Because the amplifier 40 and the receiver 50 are located inside the anechoic chamber 10, a length of the coaxial cable 42 for transmitting signals is shortened. Thus, an attenuation of the transmitted signals is reduced, and an equipment cost is lowered. In addition, electromagnetic signals from outside the anechoic chamber 10 are prevented from affecting the amplifier 40 and the receiver 50.

It is believed that the present embodiments and their advantages will be understood from the foregoing description, and it will be apparent that various changes may be made thereto without departing from the spirit and scope of the disclosure or sacrificing all of its material advantages, the examples hereinbefore described merely being preferred or exemplary embodiments.

Claims

1. An electromagnetic compatibility testing system, comprising:

an anechoic chamber shielding electromagnetic signals;

a testing table located in the anechoic chamber and configured to hold a test sample;

an antenna set in the anechoic chamber and configured to receive an electromagnetic signal emitted from the test sample;

an amplifier connected to the antenna via a coaxial cable; and

a receiver connected to the amplifier via the coaxial cable;

wherein the electronmagnetic signal received by the antenna is amplified by the amplifier and is transmitted to the receiver for analyzing.

2. The electromagnetic compatibility testing system of claim 1, further comprising a computer located outside the anechoic chamber, wherein the computer is connected to the receiver via an optical fiber, and the computer provides an operating interface for the receiver.

3. The electromagnetic compatibility testing system of claim 1, wherein the anechoic chamber comprises a testing part, a shielding part, and a shielding board set between the testing part and the shielding part, and the shielding board comprises a grounded shielding sheet set on a surface of shielding board.

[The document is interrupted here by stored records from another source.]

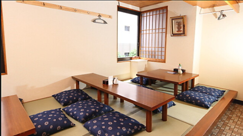少人数様(2名様~)からご利用できるのでお問い合わせもお気軽に。足をおろしてゆっくりおくつろぎいただけるお座敷席です◎和風の落ち着いた雰囲気で、畳敷きの床に低いテーブルが配置されています。
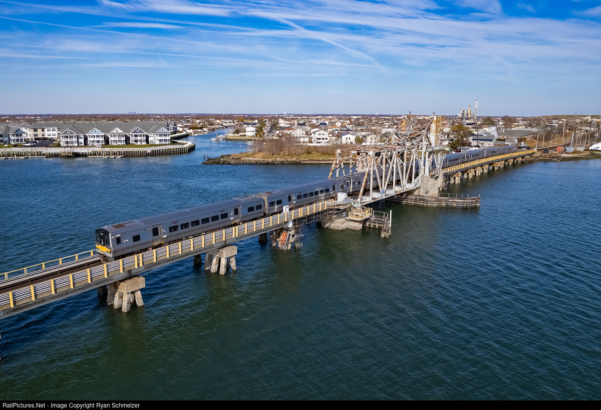 A train of M7s from Penn Station cross Wreck Lead after a station stop in Island Park. It will reach its terminus of Long Beach immediately after crossing the bridge.
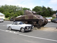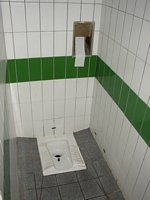 We got up at 8 something and found that Dave and Pat had already finished their showers and had coffee and oatmeal started. This early start and hot meal was a welcome change from the previous morning. Before leaving town we stopped for breads, fruit, and vegetables at a couple small shops. After taking a few pictures we headed for the freeway which eventually became one of the common toll roads in France. Just after the toll booth we stopped for a bathroom break where I was stunned to find a porcelain hole in the floor. After doing my business I was equally stunned to find that it flushed itself as I walked away. I needed to get a picture of this piece of French sophistication. At the Omaha Beach museum we spent an hour touring the excellent and stirring facility. We then went down to the beach where there was a memorial and had lunch in the camper. Then we were off to the American cemetery at Coleville. We solemnly strolled down long rows of gravestones for an hour before heading out for St. Michel. But Dave said he was wiped out from nights of bad sleep and Mary and I talked about what that would mean as we continued down the road. We had already lost one day between the Antwerp splitup and the previous late morning and we wanted to keep the schedule we had planned for the trip. So I concocted a plan to meet them in Paris at 3pm the next day and to convince them to finish a less aggressive route while we continued on. When we stopped for gas the weather turned sour so we skipped St. Michel in favor of finding a campground for Dave and Pat. By the time we had that done it was 6pm and still a long way to Paris. The toll road helped some but we ended up settling on Chartres, which I remembered has the cool cathedral with the unmatched spires. We found an Ibis and ended up making a reservation for the next night in Paris when I was finally able to get on the internet for the first time on the trip. My hip had tightened up in the cold damp weather and every time I got out of the car I hurt big time. A hot bath helped some but it was a bad night and I was concerned about being able to walk in Paris.
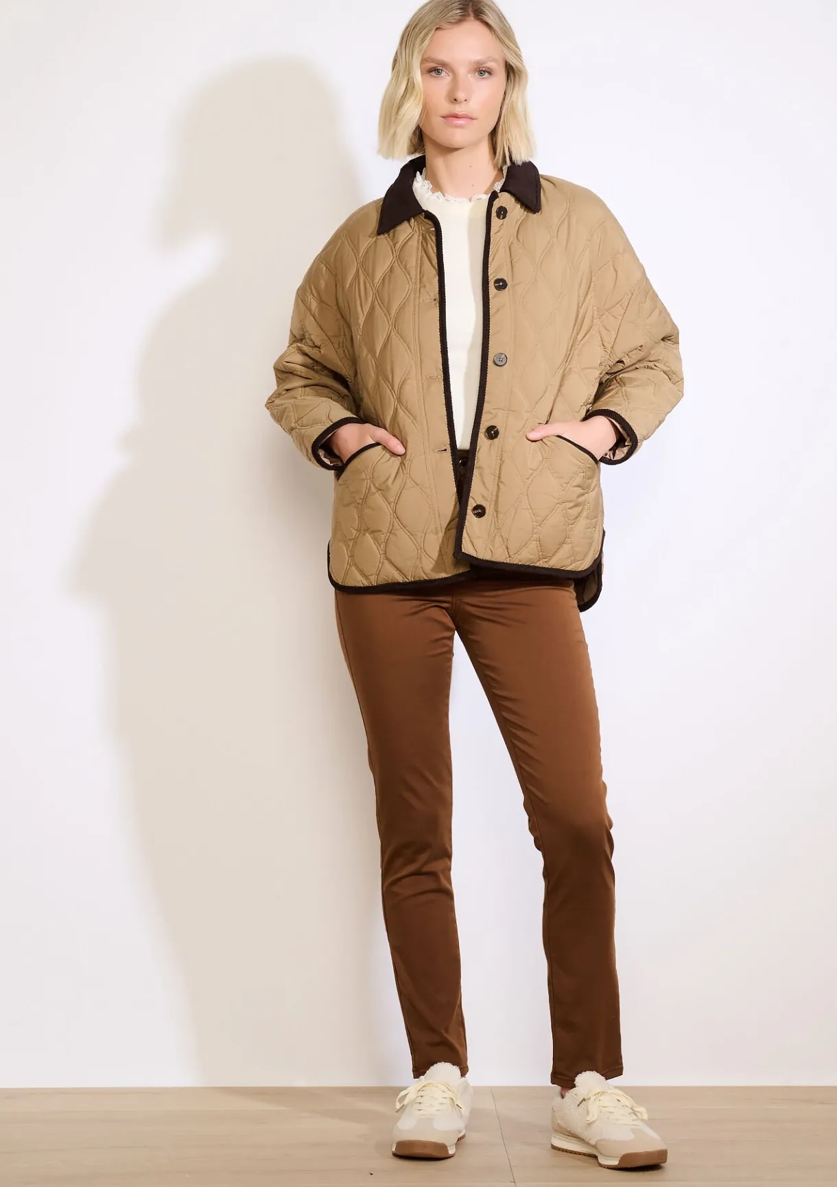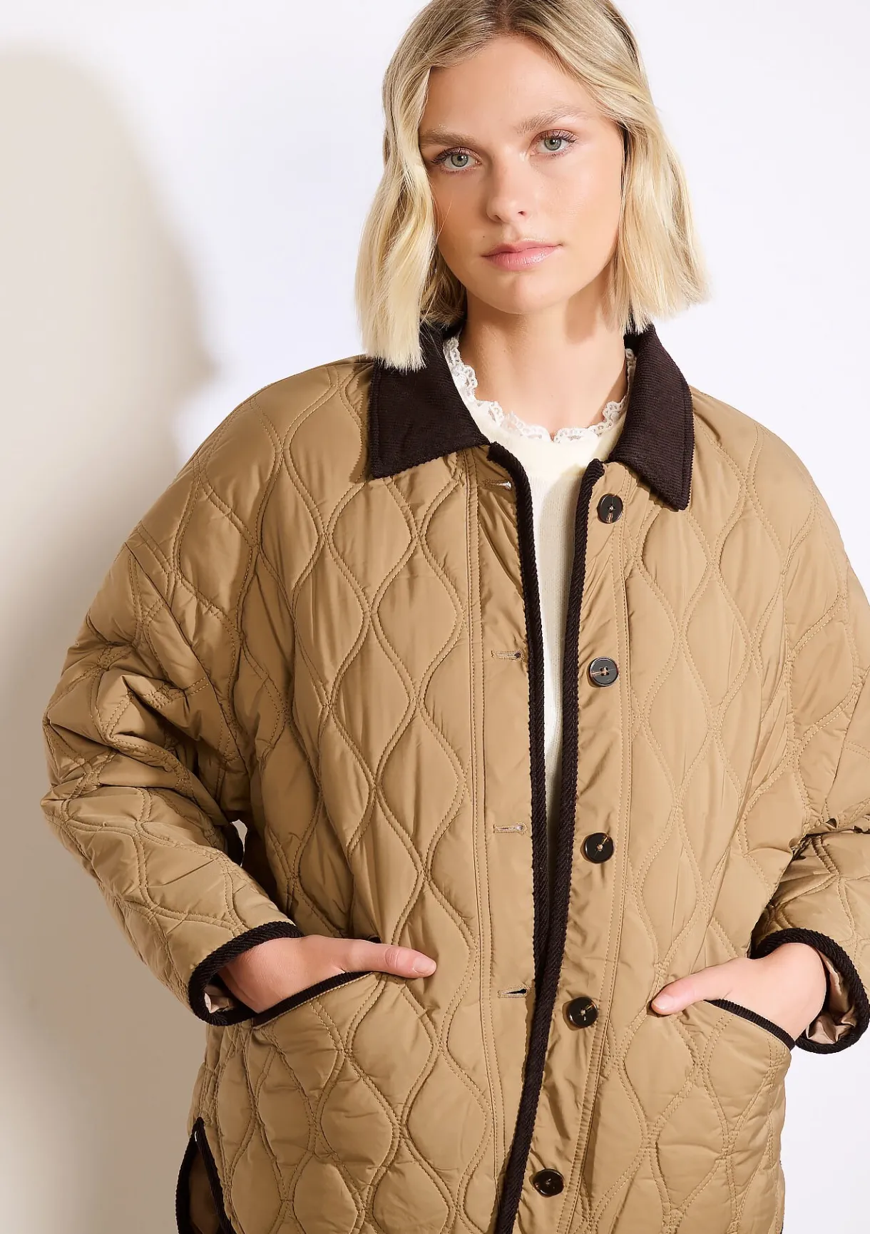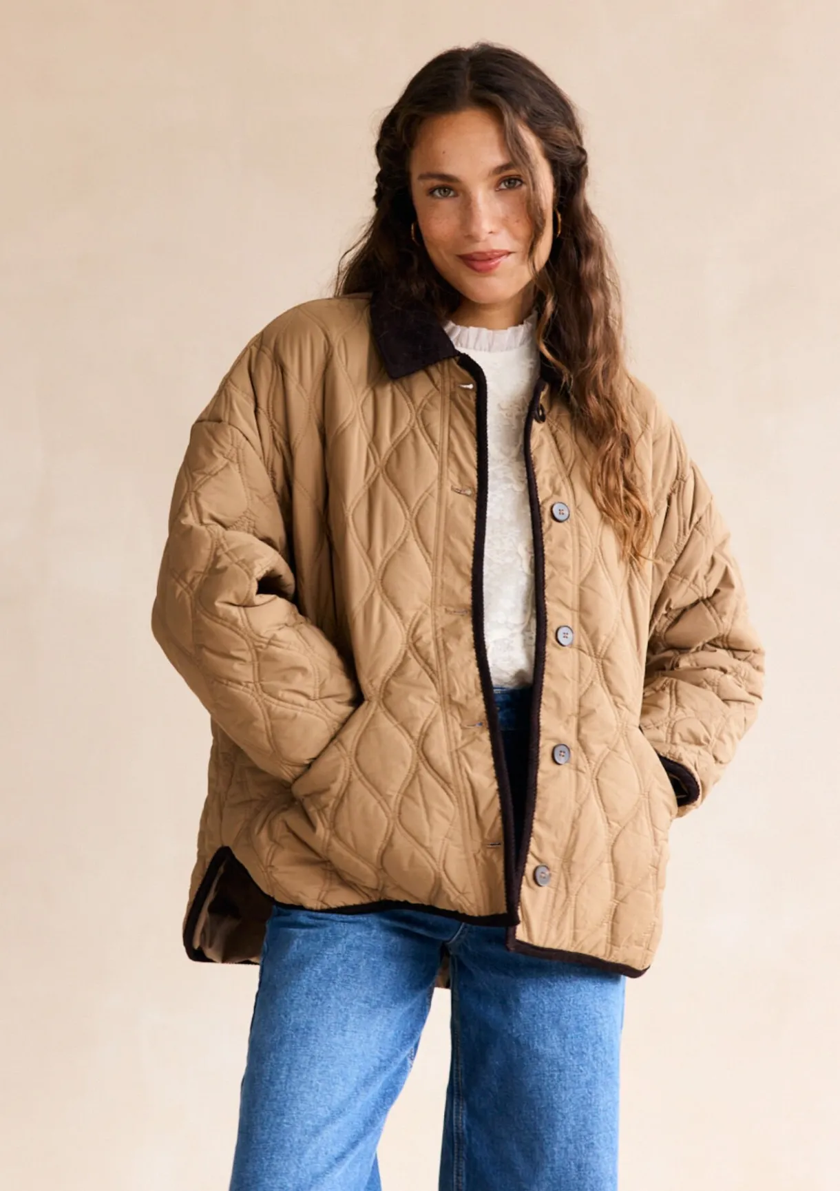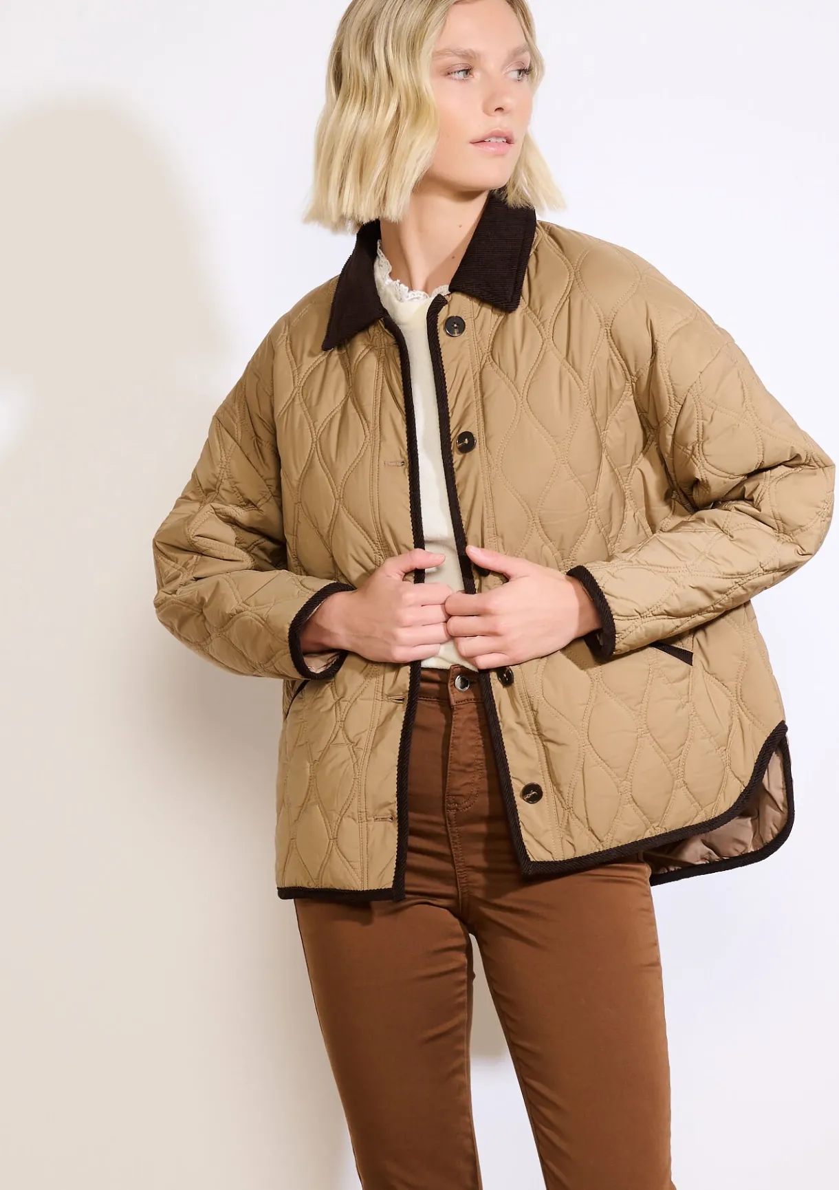 Gewatteerde warmte en retro-uitstraling komen samen in dit jack met ribfluwelen kraag. Een stijlvolle essential voor het tussenseizoen.
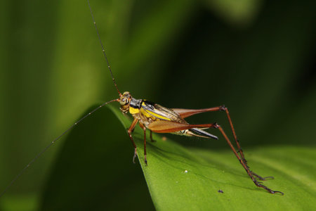 Macro Close Up Cricket insect on green leaf over black blur background. Selective focus
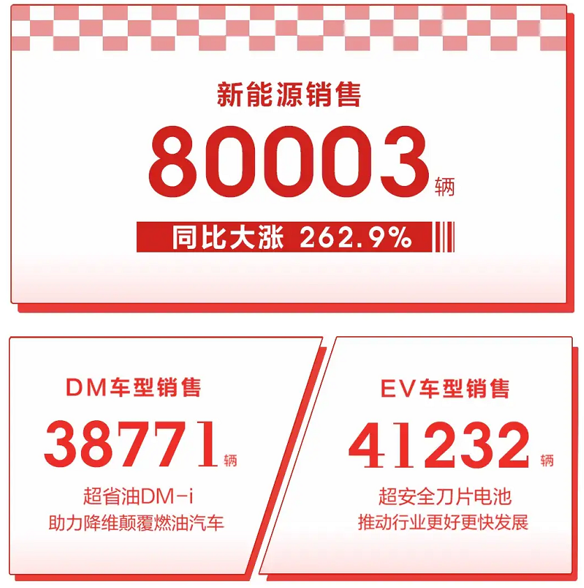 更值得注意的是,在比亚迪的乘用车销量中,新能源汽车的占比已经超高了90%,共销售出80,003辆新车,同比增长幅度高达262.9%,这一切离不开超省油的DM-i技术以及超安全的刀片电池,它们共同缔造了比亚迪传奇神话。
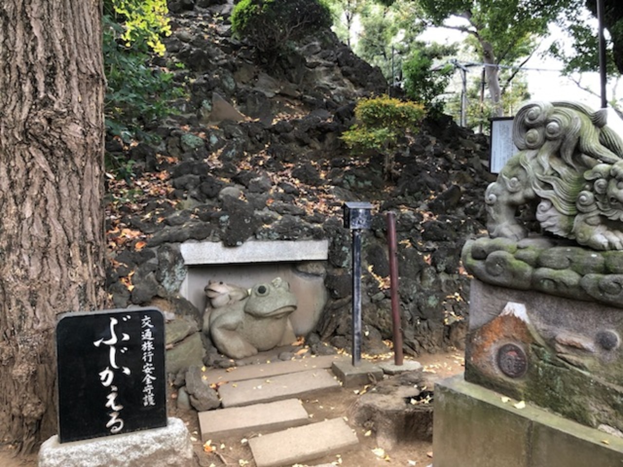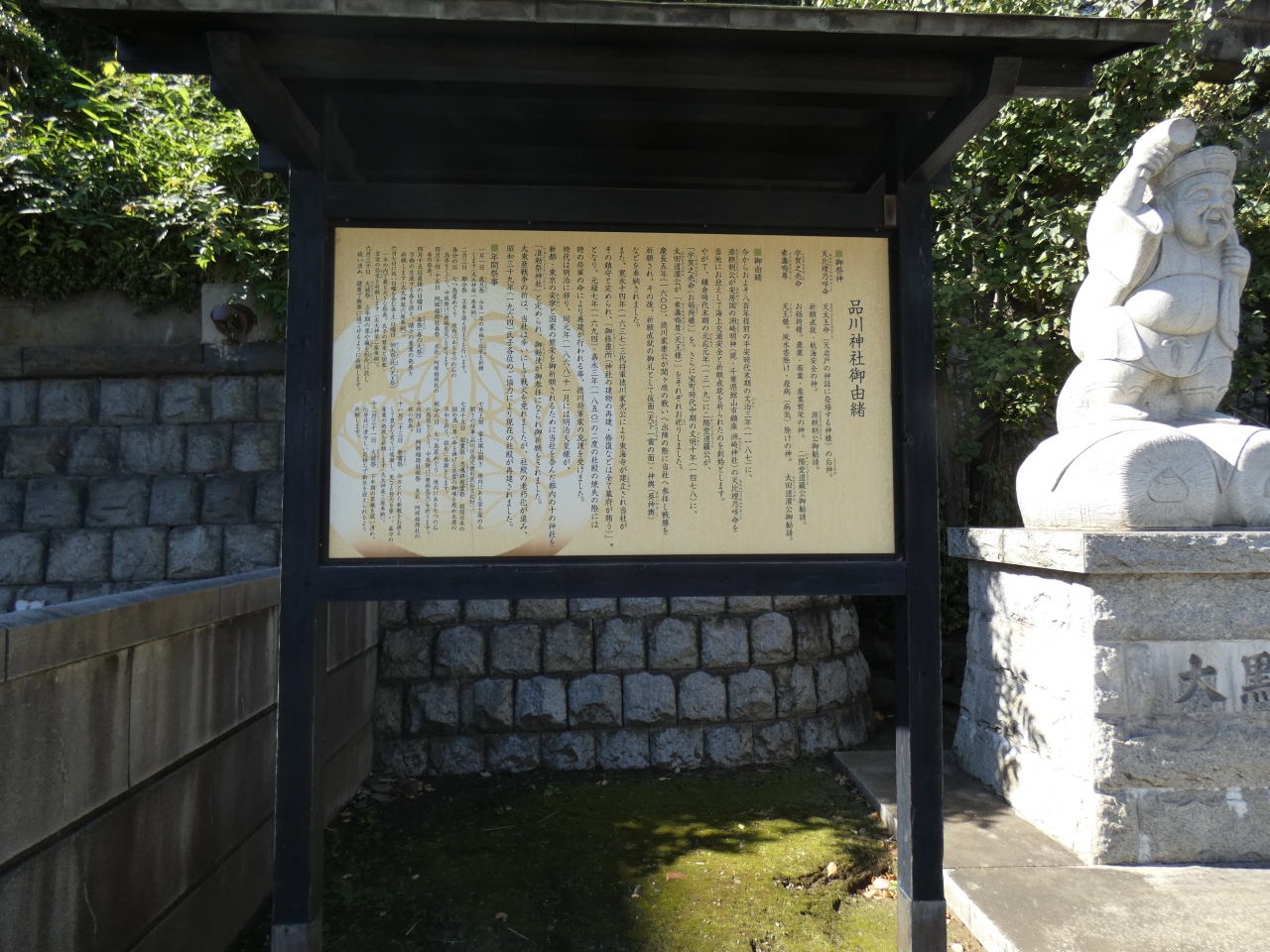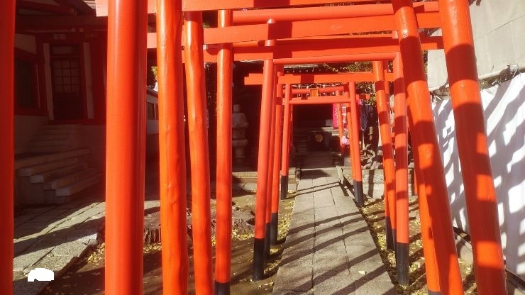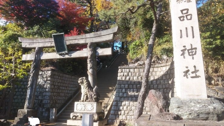 参道は第一京浜(東海道)から西向きに53段の石段となっています。鳥居には登り龍と降り龍が彫られており「双龍鳥居」というそうです。鳥居の隣には、東海七福神の大黒様が鎮座していました。石段を登ると、参道はそのまま真っすぐ、社殿は東向き。朱塗りで比較的新しく感じました。拝殿に向かって右側にある赤い鳥居が連なる阿那稲荷神社には、金運UPで有名な「一粒萬倍の泉」があります。また、両神社の間の道を通って先に進むと、板垣退助のお墓があります。ちなみに、第一京浜の東側200m程には、旧東海道が走っており、品川宿だった場所です。そのため、品川宿の鎮守としても信仰されているそうです。
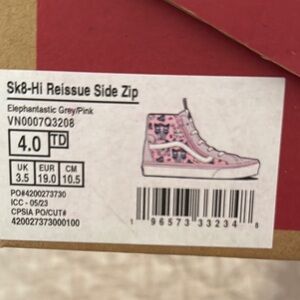 These Vans sneakers feature a playful pink and white color scheme with a whimsical pattern that adds a touch of fun to any outfit. The classic low-top silhouette and durable rubber sole ensure comfort and style for everyday wear. Perfect for those who love a unique and eye-catching look. FIT SMALL
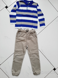 Polo a strisce azzurre, verde del pantalone e bianco. Manica lunga .
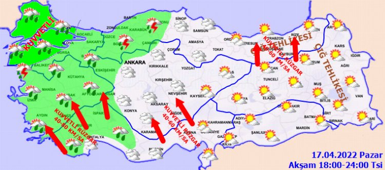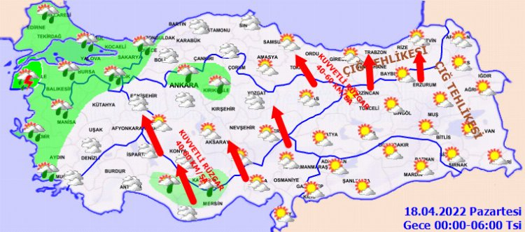 Pazartesi günü iç ve kuzey kesimlerde güneyli yönlerden kuvvetli ve yer yer fırtına şeklinde esecek rüzgarla birlikte yer yer toz savrulması da bekleniyor.
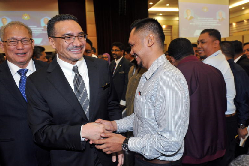 Menteri Pertahanan Datuk Seri Hishammuddin Tun Hussein (dua, kiri) dan Menteri Sumber Manusia Datuk Seri Richard Riot (kiri) beramah mesra bersama pesara tentera selepas Majlis Menandatangani Memorandum Persefahaman Program RPEL untuk Veteran Angkatan Tentera Malaysia (ATM) dari Kelompok B40 di Wisma Perwira pada 2 Februari 2017. - BERNAMA
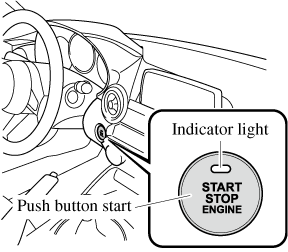 After starting the engine, the push button start indicator light (amber) turns off and the ignition switches to the ON position.

4. The electromagnetic compatibility testing system of claim 3, wherein the testing table and the antenna is set in the testing part, and the amplifier and the receiver are set in the shielding part.

5. The electromagnetic compatibility testing system of claim 3, wherein the testing part comprises sidewalls and an absorber set on the sidewalls.

6. The electromagnetic compatibility testing system of claim 5, wherein the absorber comprises an insulating layer, a shielding layer, and a plurality of absorbing projections, the insulating layer is adhered to the sidewalls, the shielding layer is set on the insulating layer, and the absorbing projections are set on the shielding layer.

7. The electromagnetic compatibility testing system of claim 6, wherein the insulating layer is made of wood, the shielding layer is made of ferrite, and the absorbing projections is made of spongy material.

8. The electromagnetic compatibility testing system of claim 1, further comprising a lifting device, wherein the antenna is set on a lifting device, and the height of the antenna is adjusted by the lifting device.

9. The electromagnetic compatibility testing system of claim 1, wherein the antenna is a multiple antenna having a testing frequency band in a range from about 30 MHz to about 1 GHz.

10. The electromagnetic compatibility testing system of claim 1, wherein the antenna is a horn antenna having a testing frequency band in a range from about 1 GHz to about 18 GHz.

11. The electromagnetic compatibility testing system of claim 1, wherein The testing table rotates 360 degrees to show different faces of the test sample to the antenna.